Wantage was the most popular of the orderlies, partly because his built-up boot supplied an instant explanation for why he wasn’t in France. He was a fat, jolly man with a limitless capacity for hate. He hated skivers, he hated shirkers, he hated conchies, he hated the Huns, he hated the Kaiser. He loved the war. He had the gentlest hands in the hospital. He would have given anything to be able to go and fight. Whenever Rivers saw him lurching along behind a wheelchair, he was reminded of the crippled boy in the Pied Piper story, left behind when the other children went into the mountain.

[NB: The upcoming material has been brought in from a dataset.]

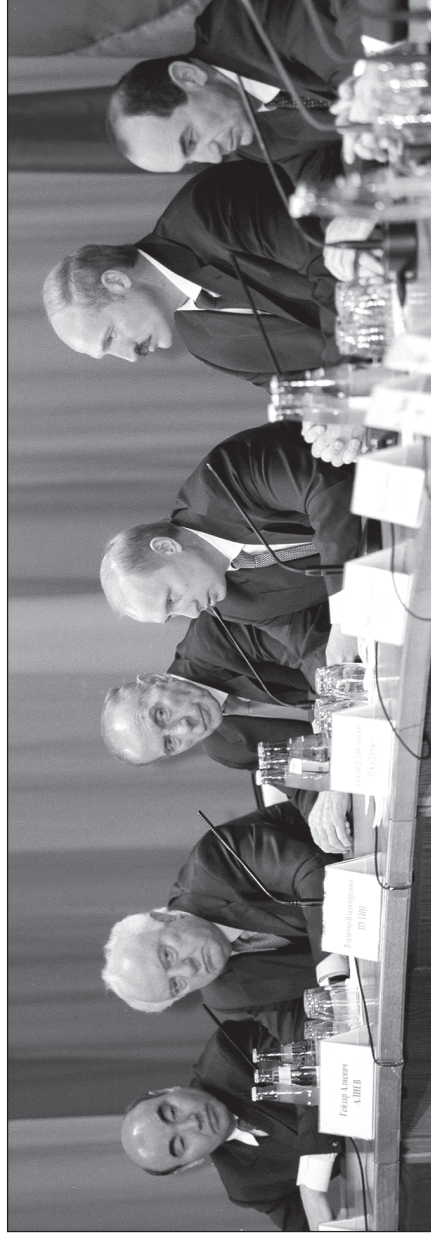
დსთ-ის წევრი ქვეყნების პრეზიდენტები მორიგ სამიტზე: ასახარ აბაევი (ყირგიზეთი), ელზარდ შივარდნაძე (საქართველო), პილარ ალიევი (აზერბაიჯანი), ვლადიმერ პუტინი (რუსეთი), ალექსანდრე ლუკაშენკო (ბელარუსი), რობერტ შოჩარიანი (სომხეთი)

At the second floor the lift stopped and a young nurse got in. Viggors, the patient in the wheelchair, spoke to her, blushing slightly — she was evidently a great favourite — and then sat, slumped to one side, his eyes level with her waist, gazing covertly at her breasts. Wantage chattered on. On the third floor the lift stopped again and Wantage pushed the wheelchair out.